Around eleven in the evening some of them gave up, thinking to themselves that Victoire had gone back home to hell. They found her in the graveyard at La Ramée, two miles from La Treille. La Ramée is a delightful graveyard by the sea where the dead rest wrapped in the blue linen shroud of the ocean. Each grave is marked with a border of conch shells. Victoire was asleep on her mother’s grave, under the cross that bore the clumsy lettering:

ELIETTE QUIDAL

PASSED AWAY IN HER FOURTEENTH YEAR

God, how our mothers die young!

Awakened without a word, Victoire slipped her hand into Caldonia’s and trotted off beside her. She never told anybody what had happened that evening. Caldonia plied her with questions: How did she manage to cover such a distance? Had someone guided her? If she had found the way all by herself, then she must have seen it in a dream. Victoire didn’t say a word and Caldonia worried herself sick. Was it a sign that her mother was calling for her and that her short time on earth was drawing to a close? Yet the year ended and others followed. Without incident.
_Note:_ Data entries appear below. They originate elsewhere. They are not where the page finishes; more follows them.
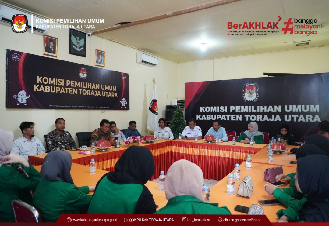Rantepao, kab-torajautara.kpu.go.id-Sebanyak 14 mahasiswa Program Studi Ilmu Politik, Fakultas Ushuluddin dan Filsafat (FUF) UIN Alauddin Makassar melakukan kunjungan praktikum dan Kuliah Kerja Lapangan (KKL) di Kantor Komisi Pemilihan Umum (KPU) Kabupaten Toraja Utara. Pertemuan ini berlangsung khidmat di Aula Kantor KPU Kabupaten Toraja Utara pada Senin, 19 Januari 2026
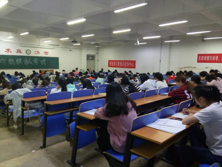 2017年5月22日和23日晚,山西中医学院学生学习管理与指导中心于在医学楼教室进行四六级模拟考试,参加考试的人员主要是全校有意愿参加模拟考试的学生,四级实到890人;六级实到221人。考试由学习中心的干事监考,主席团成员巡考。为了让同学们更好的适应四六级考试,取得良好的成绩。学习中心用了一个多月的时间,从学生报名到考试完满结束,每个环节都精心准备。
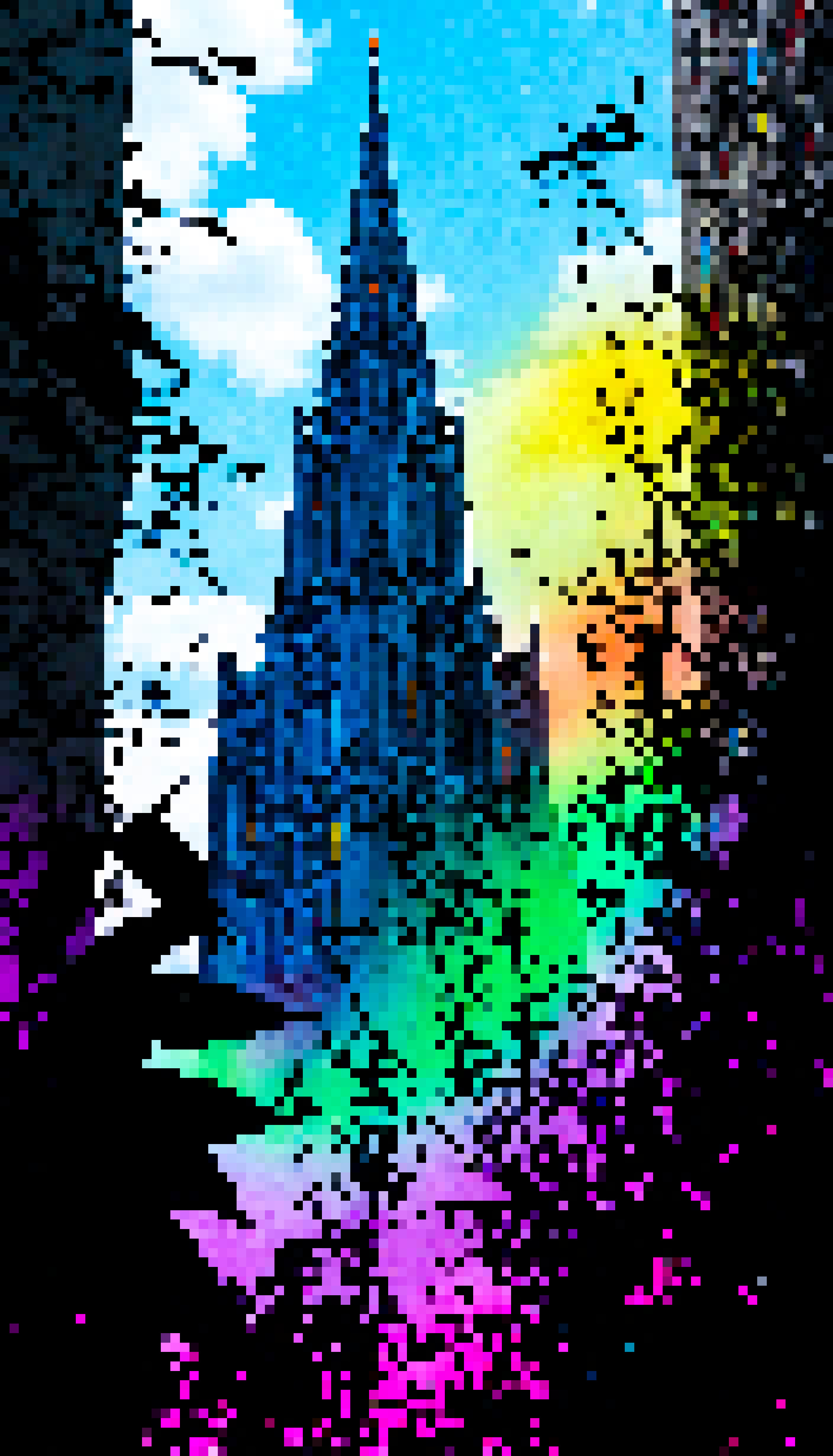 The style of the image combines elements of nature (the rainbow) and architecture (the cathedral) creating an intriguing juxtaposition. There is no visible text within the image to provide additional context or information.
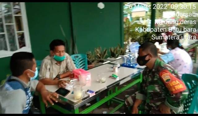 Batu Bara | Agar terjalinnya komunikasi yang baik dengan aparat desa Perbangunan, dalam hal ini seperti yang dilakukan oleh Personel Bintara Pembina Desa (Babinsa) Koramil 01/Medang Deras jajaran Kodim 0208/Asahan Serda Supris turun kewilayah binaan untuk melaksanakan kegiatan Komunikasi Sosial (Komsos) bersama dengan Mitra Karib dan warga desa binaan dalam rangka sosialisasi pendisiplinan protokol kesehatan guna mengurangi penyebaran Covid19 bersama dengan Bapak Sutrisno dan Bapak Darwin, kegiatan tersebut yang dilaksanakan bertempat di Desa Mandarsah Kecamatan Medang Deras Kabupaten Batu Bara, Minggu (06/03/2022).
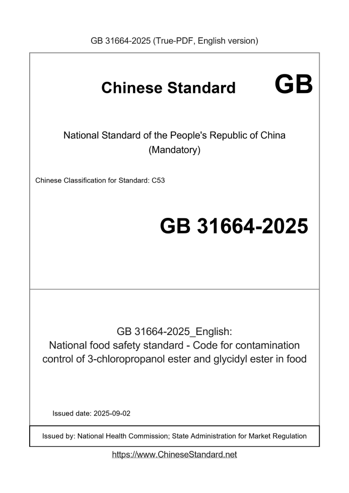 Delivery: <= 3 days. True-PDF full-copy in English will be manually translated and delivered via email. GB 31664-2025: National food safety standard - Code for contamination control of 3-chloropropanol ester and glycidyl ester in food Status: Valid

When Victoire was ten she passed her catechism exam after two attempts. She could therefore take her first communion. First communion has the formality of a wedding and the gravity of a rite of passage. It takes place one Sunday morning at the time of high mass. A procession of children dressed in identical white albs, in order to eliminate any discrimination, with fingers joined together on mother-of-pearl rosaries and the girls wearing crowns of artificial flowers in their hair, enter the church singing. They walk up to the altar in unison. Then the families go to enormous trouble to make sure there is the chodo cake at the reception.

A few months later Gaëtane Jovial asked Caldonia if Victoire could come and help her servant Danila. Caldonia hesitated before giving her approval. Not because there was no offer of wages. This was usual for this type of restavek job. The truth was that ever since the unexplained incident at the graveyard, she didn’t like to be separated from her granddaughter. Victoire followed her everywhere, silently losing herself in the shadow of her ample silhouette. She finally accepted because she thought the child would gain experience and an education. Gaëtane, in fact, was simply and reluctantly obeying Thérèse, who urged her to do so in all her letters. Like Danila, she attached little importance to Victoire. Like the people at La Treille, both of them must have been scared of her. Danila managed the amazing feat of never saying a word to her during all those years of cohabitation, except for giving her orders:

“Fô ou fè…”

“Pa obliyé…”

“Atansyon!”

In fact, Victoire was treated like a pariah, like a slave at the Jovials. Never like a relative, not even a poor or disreputable one.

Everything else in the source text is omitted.